Далеко же я забрел от деревни прочь, пешком ежели — как раз поспею вернуться к закату. Эх, а рыбка белая, рыбка жареная, небось, ждет меня, дожидается… И к моему возвращению остынет наверняка, несмотря на все Кавотины старания сохранить в ней тепло… Я Кавоте строго настрого запретил подправлять пищу кухонными заклятьями, и она ослушаться не посмеет: уже научилась отличать настоящую мою сердитость от притворной. А вновь разогревать — это уже совсем не то, это уже не искусство… Уберу и чуть теплую, за милую душу, я не прихотлив. Вязигу высосу из костей, всенепременно. А жрать-то как хочется! Ладно, быть по сему: опять же, в силу моей неприхотливости и упрямства, доберусь я до деревни человеческим способом, а именно пешком, совмещу обед и ужин; скромная дневная трапеза начнется с запозданием и плавно перерастет в буйный пьяный вечер с большим количеством гостей. Да будет так. Или я деревенских обычаев не знаю??? Знаю, но увы, точно так же провижу заранее, что гости все, или почти все, будут сплошь мужчины средних лет… Ох, женщины: где вы, где вы, бабы и девы!? Может быть, кто из пожилых и подастся на домашние уговоры да зудёж, и приведет с собою супругу, такую же старую, как и он сам, уже черствую и непривлекательную… Но чтобы замужних молодок в вертеп допустили — ни за что! Всяк из женатых на чужое зарится, а свое под замком хранит! А паче того — юных незамужних девиц берегут от дурного грязноязыкого общества, в которое по вечерам превращаются их отцы, братья, дядья и деды, когда они собираются вместе, подальше от жен, поближе к кувшинам и кубкам… И этим вход заказан. Даже нестарая вдовица, истомленная одиночеством и мужским невниманием, не посмеет явиться вечером в деревенский трактир, где заезжий ратник выкатывает мужикам угощение, где дым коромыслом а горе веревочкой — на другой день позора не оберешься. Даже неженатой молодежи мужеского полу непозволительно, неуместно появляться на подобных «вечеринках», вроде как с целью убережения их неокрепшей нравственности от пьяных разговоров и поступков. Женился, поставил собственное хозяйство, породил детей — милости просим: заходи, почтенный, участвуй в складчине, пей, блюй, ругайся, под стол вались, а пока — рано. Что ж, парни будут подслушивать и подглядывать в окна, вместе с подростками… Добро бы вечер сей совпал с каким-нибудь имперским, или деревенским празднеством — тогда было бы проще насчет женского полу, однако, нет нынче праздника, кроме как мною устроенного.
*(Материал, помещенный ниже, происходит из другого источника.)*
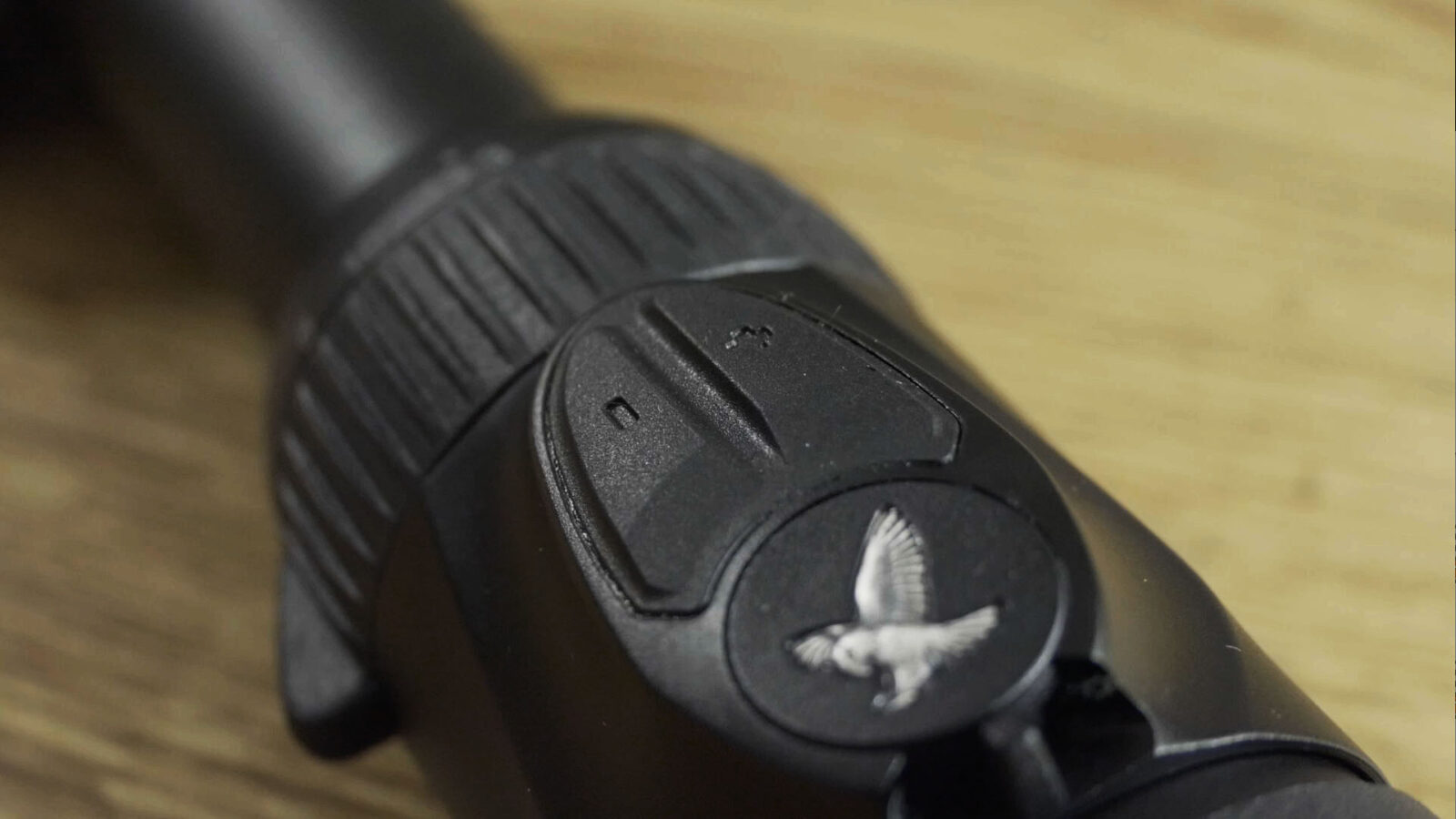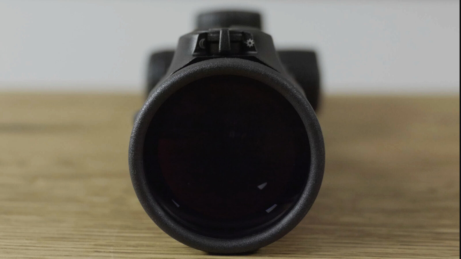 Das Leuchtabsehen sitzt auf dem Okular und bietet großen Komfort bei der Einstellung. Mittig sitzt ein Wahlschalter, welcher es ermöglicht das Leuchtabsehen auf Tag oder Nachtmodus umzustellen. Somit kann der Anwender die Abstimmung des Leuchtabsehens im Vorfeld anpassen. Sei es die Drückjagd am Tage oder die Nachtjagd auf Schwarzwild. Insgesamt stehen 64 Helligkeitsstufen zur Verfügung, welche über eine Plus und eine Minustaste gesteuert werden können. Der Punkt ist extrem fein und wird scharf abgegrenzt.

Встретили меня деревенские гости осторожным, но радостным гудом, шепотками:

— Пришел… А ну, как передумает угощать?

Не передумаю. Я окинул отеческим взором наполовину заполненный трактирный зал… Как стемнеет — еще гости подойдут, это всенепременно… тот же и деревенский жрец, без благословения которого неуместно приступать к пьянству и обжорству. О, и мой якобы десятник, глава местной дозорной стражи, здесь сидит. Что-то непохоже, что его, дворянина и воина, сюда привело дармовое угощеньице… В ответ на мой вопросительный взгляд, он дрогнул бритым лицом в четверть улыбки, и показал пальцем на свою столешницу, словно бы извиняясь. Угу: понимает меня как равного, а не как якобы простого ратника черную рубашку, которому никто бы не доверил пайзу столь высокого уровня, устроился в уголку просит не беспокоиться на его счет, не подтягивать к себе за главный стол, не обижаться… Ну и хорошо, сиди, служи, доглядывай, я только за, сударь Карои Лесай, он же якобы простой десятник Каро Илесай. Будь у меня совесть — она была бы совершенно чиста перед имперским властями, так что не о чем мне волноваться и беспокоиться.

— Кавотя!

Хоть и вперевалку, а шевелится быстро, утка старая! Пок, пок — и она уже передо мной, как лист перед травой.

— Здеся я, сиятельный господин Зиэль!

— Просто господин Зиэль.

— А… прощения просим. Вот она я, господин Зиэль! Все на полном ходу, все уже приготовлено почти что, все, как вами велено… А рыбка-то уже остывши, виновата!

— Ничего, я ею буду кабанчика заедать. Что-то, по запаху судя, маловат кабанчик?

— Не-е-ет! Да нет же, сият… господин Зиэль! Такого нашла, что вертел вот-вот переломится, не кабан — а цельный цуцырь! А сала на нем — вон сколько! — Кавотя потрясла перед моим носом пухлой ладошкой, глаза гордостью светятся за свои свершения, в жирных щеках счастье лоснится — жизнь-то уж больно хороша, когда постояльцы столь щедры и богаты…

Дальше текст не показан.